Pregnant Woman Dies Following ‘Delay’ in Treatment
A pregnant woman died in hospital after experiencing what the family’s solicitor describes as “gross failings in the provision of basic care”.
Trudy Glenister, 38, was five weeks pregnant in April 2011 when she suffered abdominal pains and vomiting at her home in Essex. She told her family that she feared that she was losing the baby.
An ambulance trainee and a student colleague responded to the emergency call. They arrived at 7.29pm, April 11th, and began to make observations at 7:35pm. The Observations continued until 8:09pm, at which point Mrs Glenister was taken to Southend Hospital.
However, flashing lights and sirens were not used on the journey, as the crew feared that this could increase Mrs Glenister’s anxiety.

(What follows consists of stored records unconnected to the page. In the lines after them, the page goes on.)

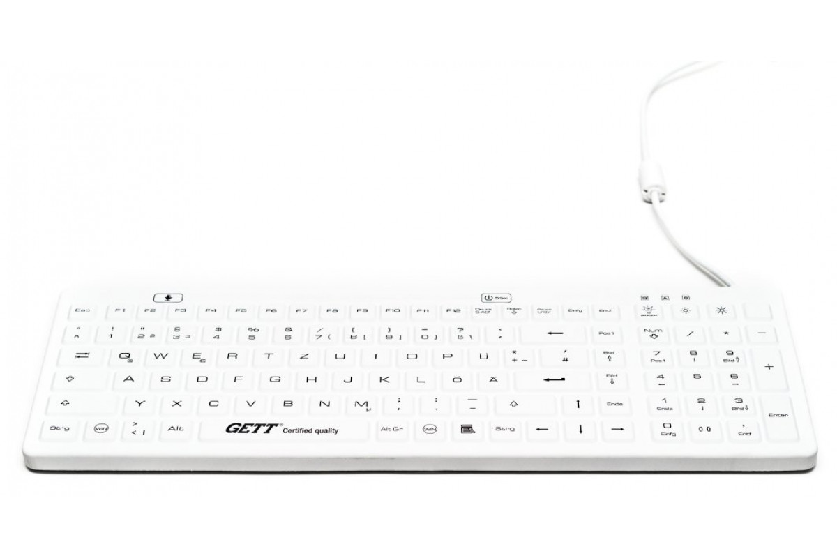 Gett GETT TKG-110-GCQ-MED-AM-IP68-BACKL-WHITE-USB - Keyboard - Backlit - USB - German - White
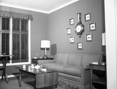 There's not a false note in the harmony created in the living room of the J. Bobby Byrne home. Red, green, and the rich tones of antique finish maple combine to make a warm and hospitable living area. There is matching fabric of the sofa and valances. The sofa is flanked by identical side tables and lamps. On the wall is a clock surrounded by small frames of antique cars.
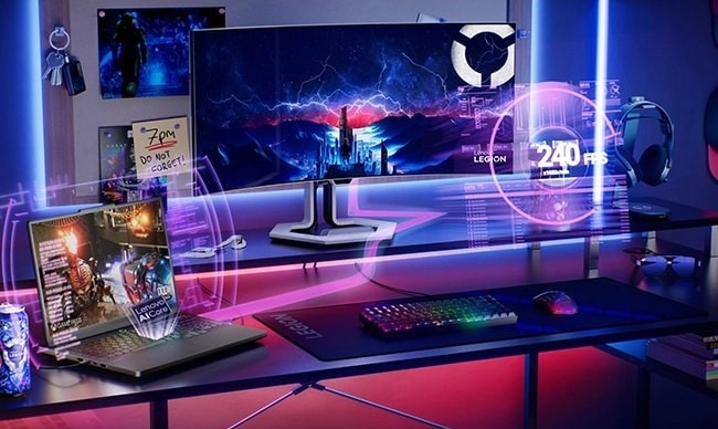 Lenovo AI Engine+ дает возможность побеждать благодаря определению сценариев в реальном времени для оптимизации FPS и разумного распределения ресурсов. Ноутбук обеспечивает безупречную производительность и точно настраивает работу центрального и графического процессора для игры на самом высоком уровне. Управляйте своим игровым процессом с точностью, которую обеспечивает ИИ, и доминируйте в каждом мгновении на поле боя.
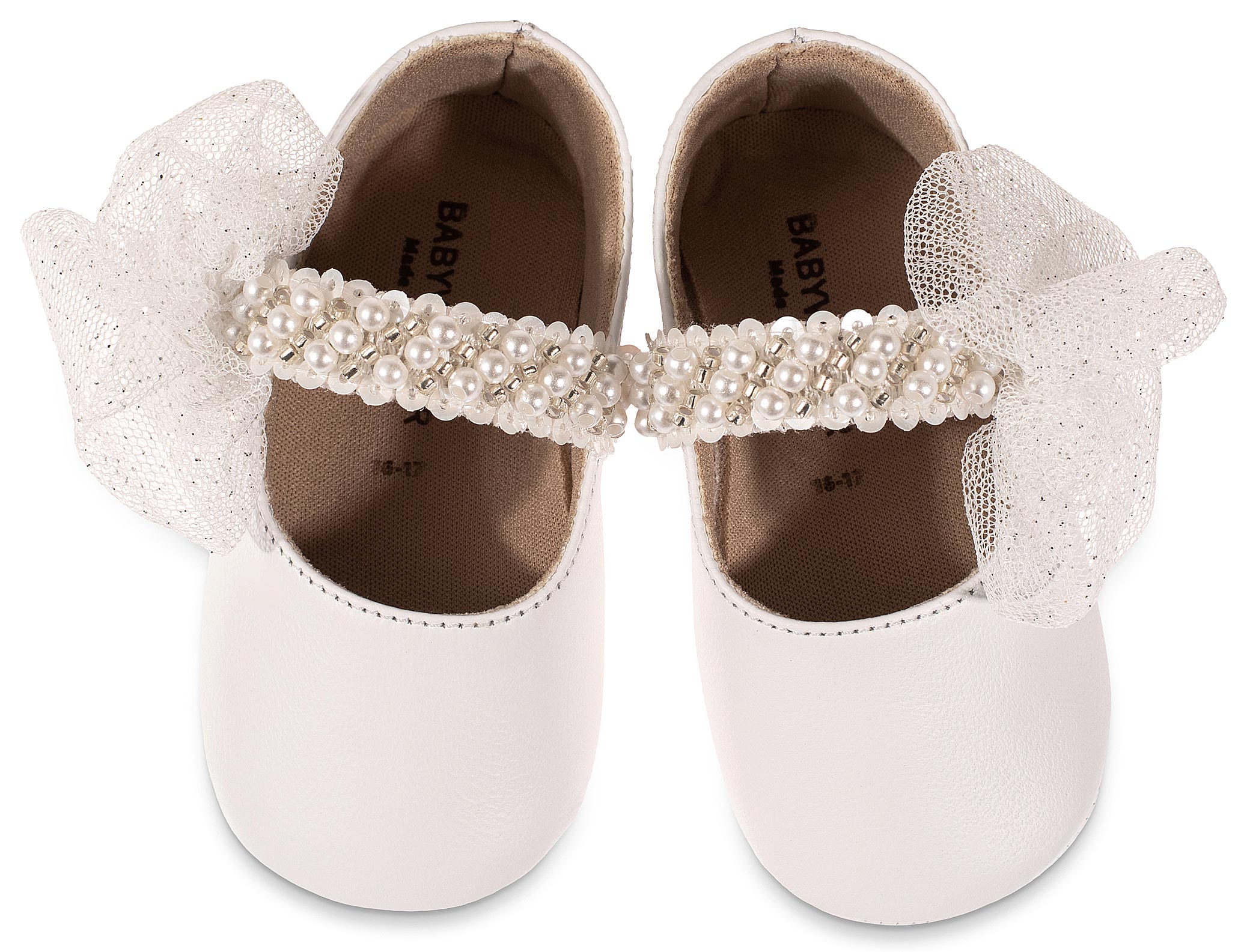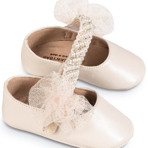 Δερμάτινο Γοβακι Μονή Μπαρέτα με Χειροποίητο Διακοσμητικό απο Τούλι και Πέρλες σε Λευκό Χρώμα
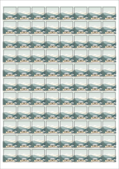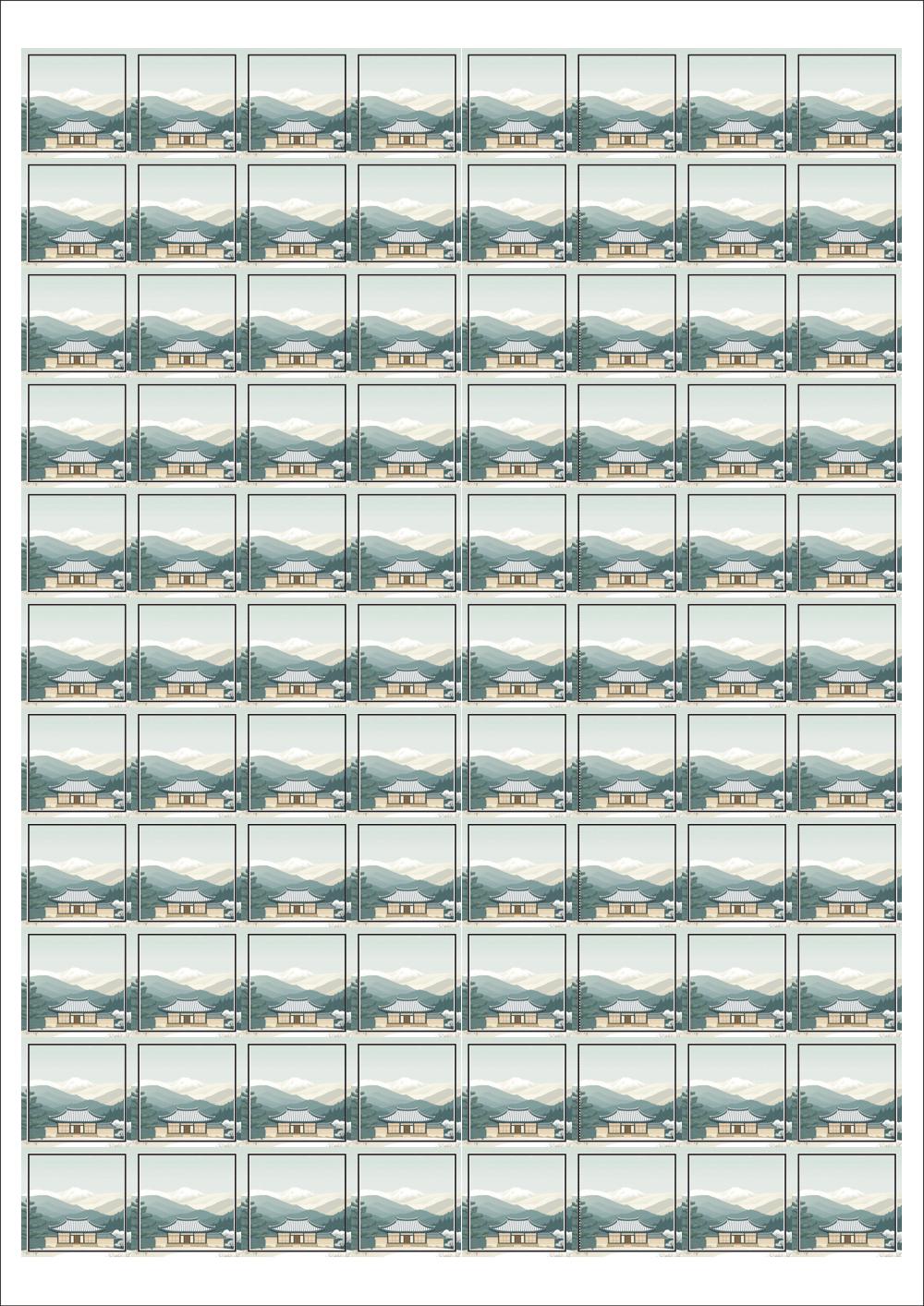 디자인된 A4 라벨지 출력용 라벨스티커, 규격코드: 888, 디자인코드: DA1578(고요한 설날의 아침), 22 x 22 (mm)
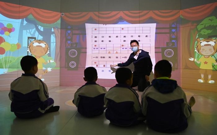 ▲在天津市北辰区特教学校的“音乐魔方”教室内,患有自闭症的学生在上课。图/新华社
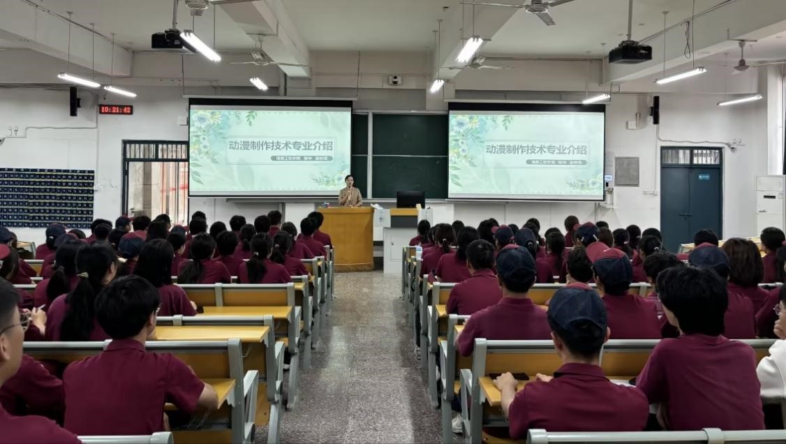 动漫设计与制作专业:降华老师通过展示优秀的动漫作品,带领新生们走进了一个充满创意与想象的世界,强调了创意、技术与艺术结合的必要性,鼓励大家发挥想象力,创作属于自己的动漫佳作。
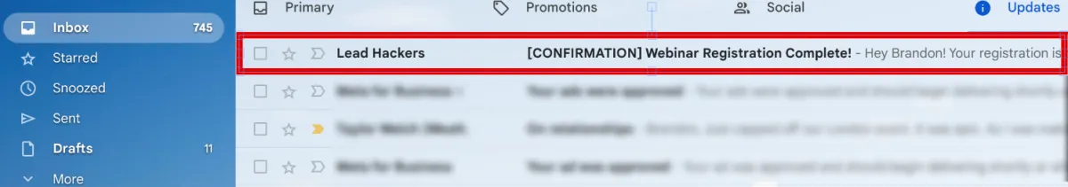 IMPORTANT! In a few minutes you'll receive an email from Lead Hackers with the special link you'll be using to attend this private, live webinar event. It looks like this:
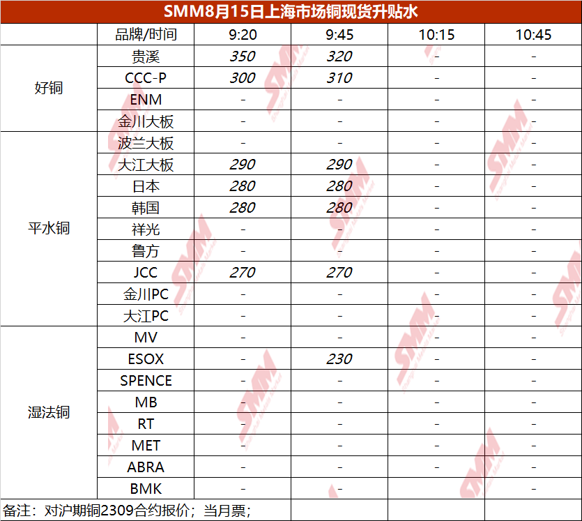 8月15日上海市场铜现货升贴水(第二时段)【SMM价格】
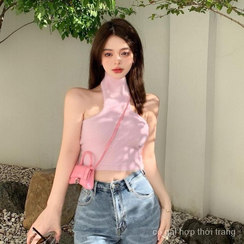 Retro New Mink Fur Halter Cổ Vest mùa thu Không tay Bên trong Phụ nữ Dây treo của phụ nữ Cổ cao cổ dệt kim chặt chẽ

Upon arrival at the hospital, the ambulance crew queued behind other ambulances, seemingly unaware of the medical emergency on board.
Events at the Hospital
Following her 40 minute wait at home and her 15 minute ambulance journey, Mrs Glenister was pronounced dead shortly after arrival at Southend Hospital. She had suffered a cardiac arrest.
A post mortem examination was conducted by pathologist Dr Ian Caulder. The results showed that Mrs Glenister was carrying an ectopic pregnancy, and that the foetus in her fallopian tube had ruptured her ovarian artery – between 4 and 5 litres of blood had flooded her abdomen.
Roger Wicks, a solicitor representing Mrs Glenister’s family, has called on the coroner to record “medical negligence” as a factor in Mrs Glenister’s death.
Dr Caulder has described the situation faced by Mrs Glenister as an “acute medical surgical emergency”.